- _Work order_: For every line below, restate it exactly and drop the images.

- _Records contained in a dataset_:
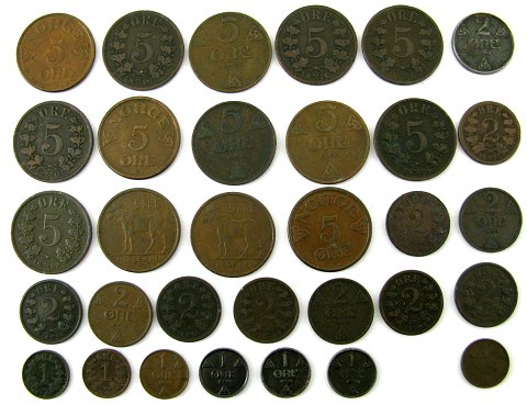 2x 5 øre 1876, 2x 1896, -99, 1902, -13, -22, -30, 2x -52, -55, 2x -58 samt 2 øre 1877, -84, -89, -93, -97, -1902, -07, 2x -13, -35, -45 jern og 1 øre 1899, 1907, -14, -40, 2x -43 jern, -45 jern. (32)
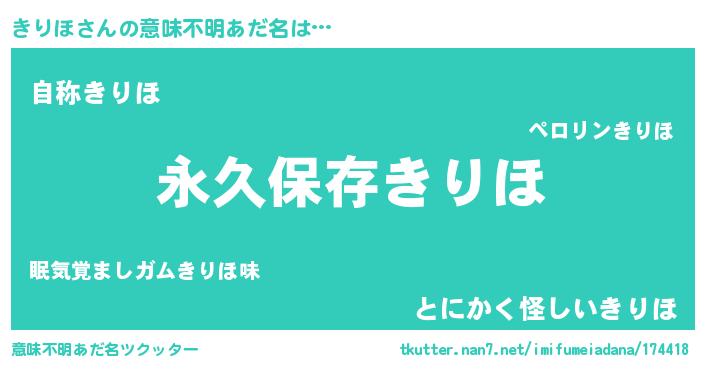 | 欧米人風あだ名 | 『きりほ・ステッグマイヤー』 |
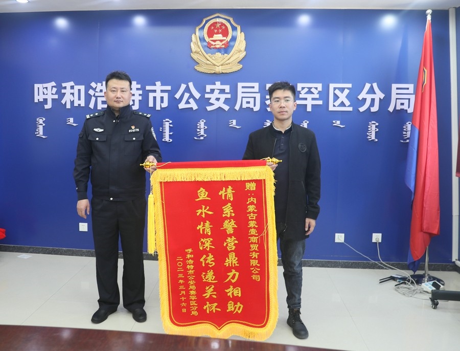 賽罕區(qū)副區(qū)長、公安分局局長趙新龍,政委郭震乾等領(lǐng)導(dǎo)熱情接待了商會和愛心企業(yè)負(fù)責(zé)人,并向商會及愛心企業(yè)贈送錦旗以示感謝。
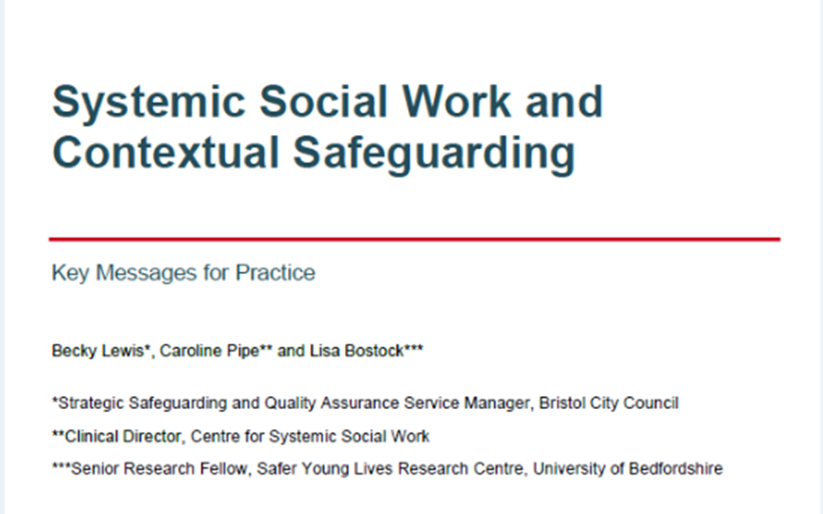 In this briefing we explore the relationship between Contextual Safeguarding and systemic practice theories and approaches within social work – and the opportunities there are to integrate these approaches within a local area’s practice model. We have provided cases examples and some questions to support applying these ideas in practice.
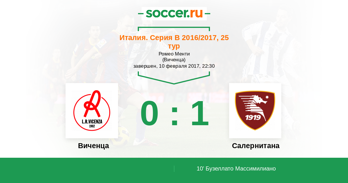 10' (0:1) Бузеллато Массимилиано (8) (Минала Джозеф (17))
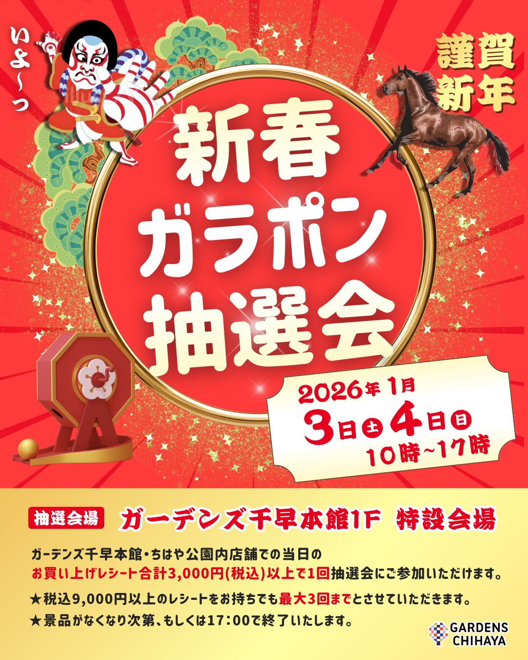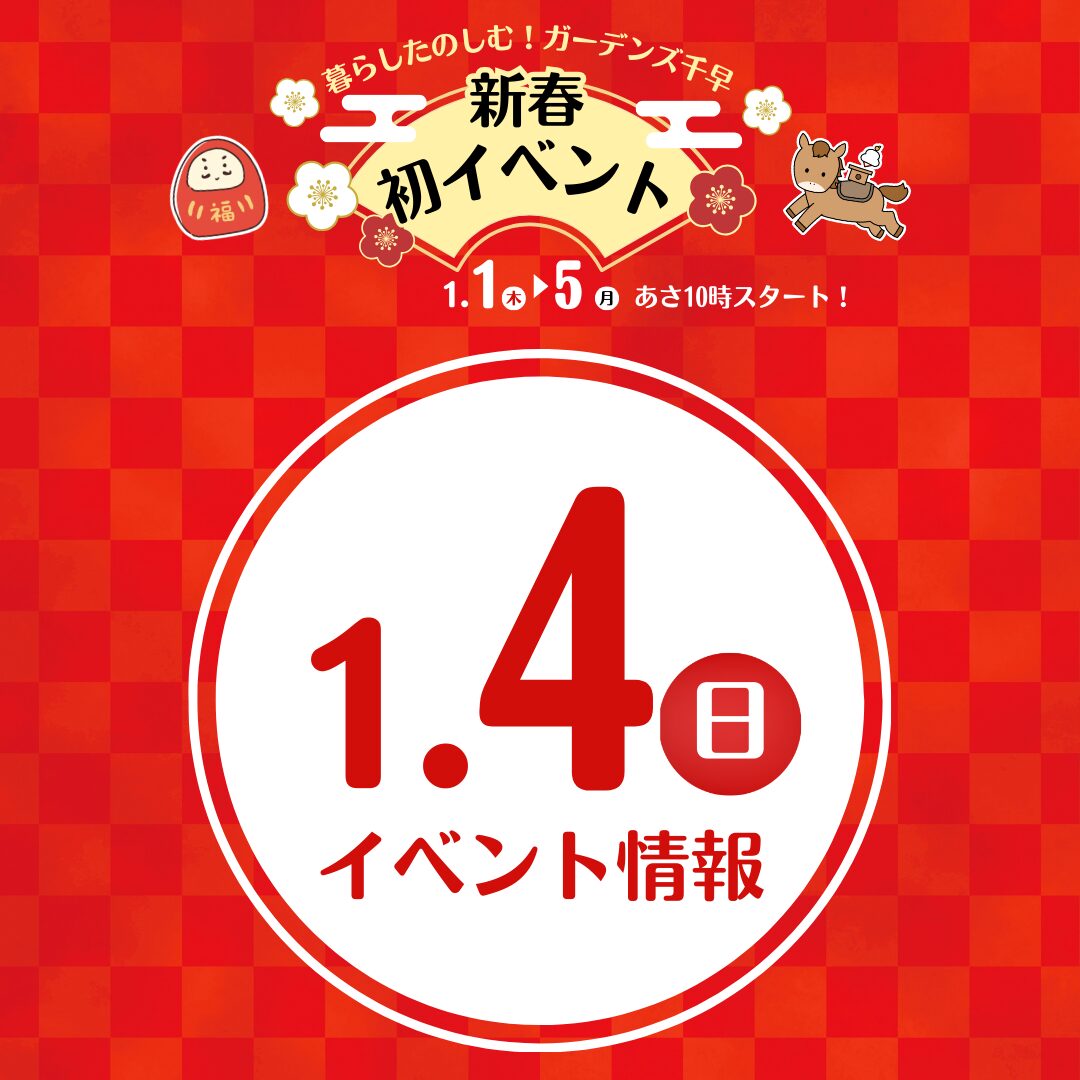 1/4 新春イベント情報 開催日時:2026.1.4(日) 開催場所:/ガーデンズ千早本館1F 特設会場 【新春ガラポン抽選会】当日のお買い上げレシートでガラポン抽選会に参加しよう! ※イベントによって、開催時間が異なります。※イベント内容は都合により変更する場合がございます。あらかじめご了承下さい。 投稿ナビゲーション 1/3 新春イベント情報1/5 新春イベント情報
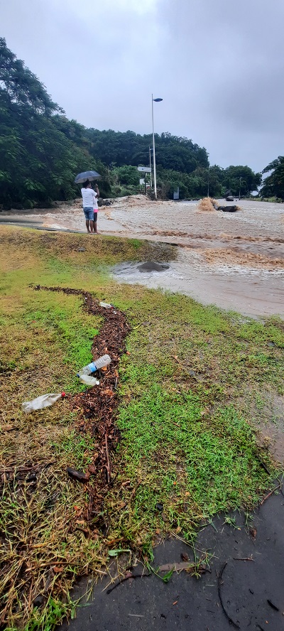 Exemple d’une marque temporaire laissée par l’inondation de la Ravine Salée à Rivière Sens (Gourbeyre) suite à la tempête Fiona le 17 septembre : le dépôt de matière solide au sol (débris végétaux, déchets plastiques) matérialise l’emprise maximale atteinte par l’eau lors de l’inondation.
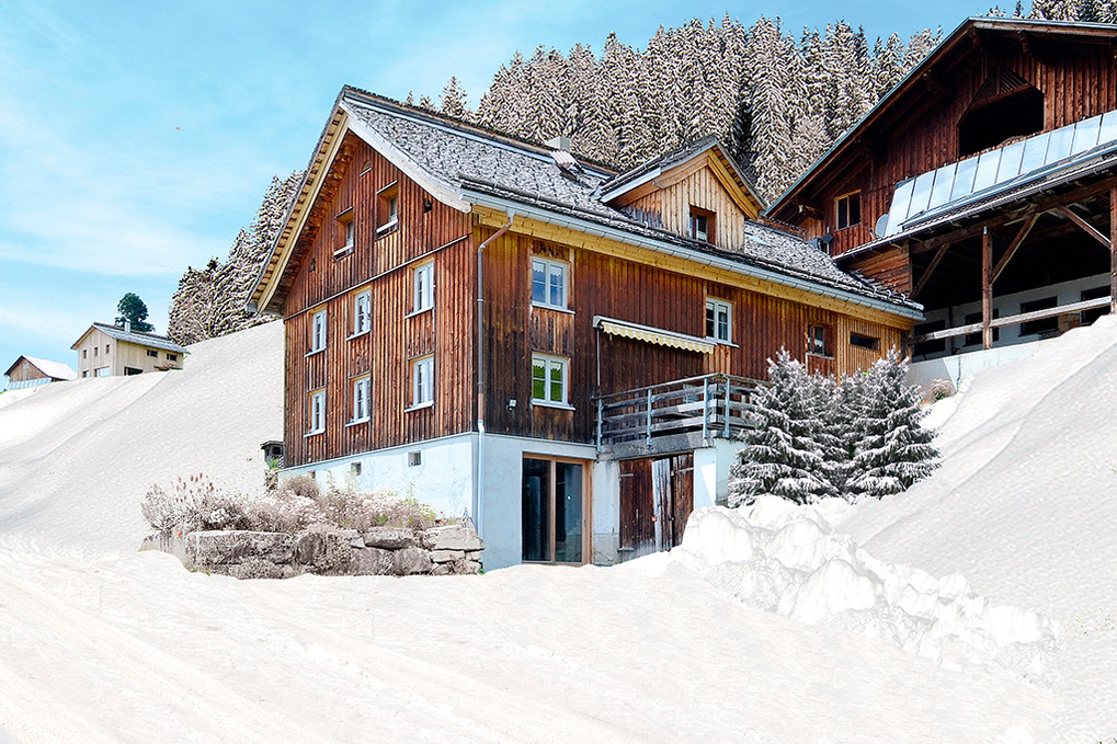Haus: Typisches voralberger Bauernhaus, in 2018 zum Ferienhaus renoviert. Schöne Ferienwohnung mit Kachelofen und Sauna. Urig gemütliche Atmosphäre durch Holzvertäfelung in allen Räumen. Kostenloser Internetzugang (W-Lan). Zentralheizung. Ski-/Schuhraum. Nichtraucherwohnung. Pkw-Stellplätze am Haus.

- _Expected answer_:
 2x 5 øre 1876, 2x 1896, -99, 1902, -13, -22, -30, 2x -52, -55, 2x -58 samt 2 øre 1877, -84, -89, -93, -97, -1902, -07, 2x -13, -35, -45 jern og 1 øre 1899, 1907, -14, -40, 2x -43 jern, -45 jern. (32)
 | 欧米人風あだ名 | 『きりほ・ステッグマイヤー』 |
 賽罕區(qū)副區(qū)長、公安分局局長趙新龍,政委郭震乾等領(lǐng)導(dǎo)熱情接待了商會和愛心企業(yè)負(fù)責(zé)人,并向商會及愛心企業(yè)贈送錦旗以示感謝。
 In this briefing we explore the relationship between Contextual Safeguarding and systemic practice theories and approaches within social work – and the opportunities there are to integrate these approaches within a local area’s practice model. We have provided cases examples and some questions to support applying these ideas in practice.
 10' (0:1) Бузеллато Массимилиано (8) (Минала Джозеф (17))
 1/4 新春イベント情報 開催日時:2026.1.4(日) 開催場所:/ガーデンズ千早本館1F 特設会場 【新春ガラポン抽選会】当日のお買い上げレシートでガラポン抽選会に参加しよう! ※イベントによって、開催時間が異なります。※イベント内容は都合により変更する場合がございます。あらかじめご了承下さい。 投稿ナビゲーション 1/3 新春イベント情報1/5 新春イベント情報
 Exemple d’une marque temporaire laissée par l’inondation de la Ravine Salée à Rivière Sens (Gourbeyre) suite à la tempête Fiona le 17 septembre : le dépôt de matière solide au sol (débris végétaux, déchets plastiques) matérialise l’emprise maximale atteinte par l’eau lors de l’inondation.
Haus: Typisches voralberger Bauernhaus, in 2018 zum Ferienhaus renoviert. Schöne Ferienwohnung mit Kachelofen und Sauna. Urig gemütliche Atmosphäre durch Holzvertäfelung in allen Räumen. Kostenloser Internetzugang (W-Lan). Zentralheizung. Ski-/Schuhraum. Nichtraucherwohnung. Pkw-Stellplätze am Haus.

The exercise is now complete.